MEXICO CITY (Reuters) – President Donald Trump has “generously” agreed to cut American oil output by an additional 250,000 barrels per day to help Mexico contribute to global reductions, his Mexican counterpart said on Friday.
During marathon talks on Thursday inside the OPEC+ group, oil producers resolved to make cuts equivalent to around 10% of global supplies, but Mexico balked at the initiative.
Speaking at a regular news conference, President Andres Manuel Lopez Obrador said Mexico, which is an OPEC ally, had been pressed to make cuts of 400,000 barrels per day (bpd), before the group lowered the target to 350,000 bpd.
Lopez Obrador, who has made increasing oil output one of the priorities of his administration, said Trump had spoken to him on Thursday and offered to help before Mexico announced it would cut output by 100,000 barrels per day.
“President Trump said the United States committed to reducing by 250,000 (barrels), on top of what it was going to do, for Mexico, in order to compensate,” he said.
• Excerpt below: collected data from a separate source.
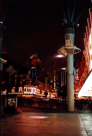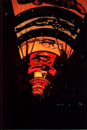 That evening after seeing the pirates sink the navy at the Treasure Island hotel we had a buffet dinner at one of the hotels and then headed for the old part of town. Here they covered the street with a mesh covering and used it for a light show.
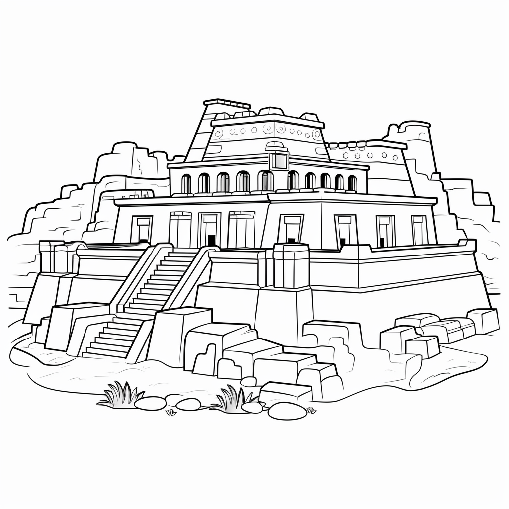 125 colouring pages depicting Ancient Civilisations, the people and their Buildings
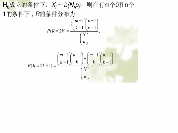 关于游程检验中游程R的条件分布公式 不大明白括号中表示的含义?
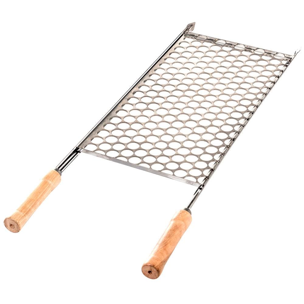 - Cabos em Madeira: proporcionam um toque clássico e confortável ao manusear a grelha, além de isolamento térmico para garantir a sua segurança durante o churrasco
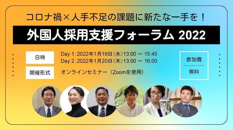 今回のフォーラムでは、2022年1月19日(水)と1月20日(木)の2日間にわたり、病院から警視庁[宮本1] まで各業界のプロが外国人採用に関する最新動向や具体的な事例等を解説します。
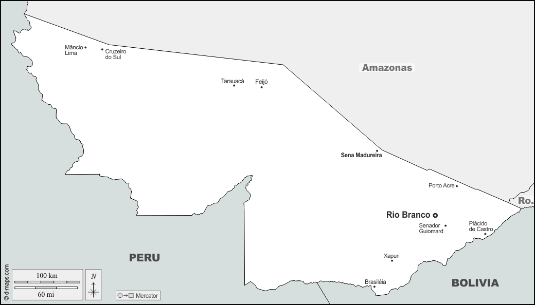 d-maps > महाअमेरिका > ब्राज़ील > एकड़ की स्थिति > सीमाओं, मुख्य शहरों, नाम

Lopez Obrador suggested the U.S. leader had initiated the conversation, saying, “President Trump got in touch with us.”
The White House did not immediately reply to a request for comment on Lopez Obrador’s remarks.
Lopez Obrador’s announcement of U.S. cuts came as a surprise, given Trump’s past reluctance to ask for coordinated reductions by U.S. oil producers.
Still, U.S. Energy Secretary Dan Brouillette said on Friday, “It is a time for all nations to seriously examine what each can do to correct the supply/demand imbalance.”
Brouillette said in prepared remarks for Friday’s Group of 20 meeting of energy ministers, “We call on all nations to use every means at their disposal to help reduce the surplus.”
George Baker, a Texas-based oil analyst, said Trump may have calculated that with crude output likely to decline sharply in the near term because of the economic impact of the coronavirus outbreak, he had little to lose in offering to cut output.
Global output cuts that stabilize prices are likely to provide some relief to U.S. shale producers, some of which risk being pushed out of the market unless prices recover.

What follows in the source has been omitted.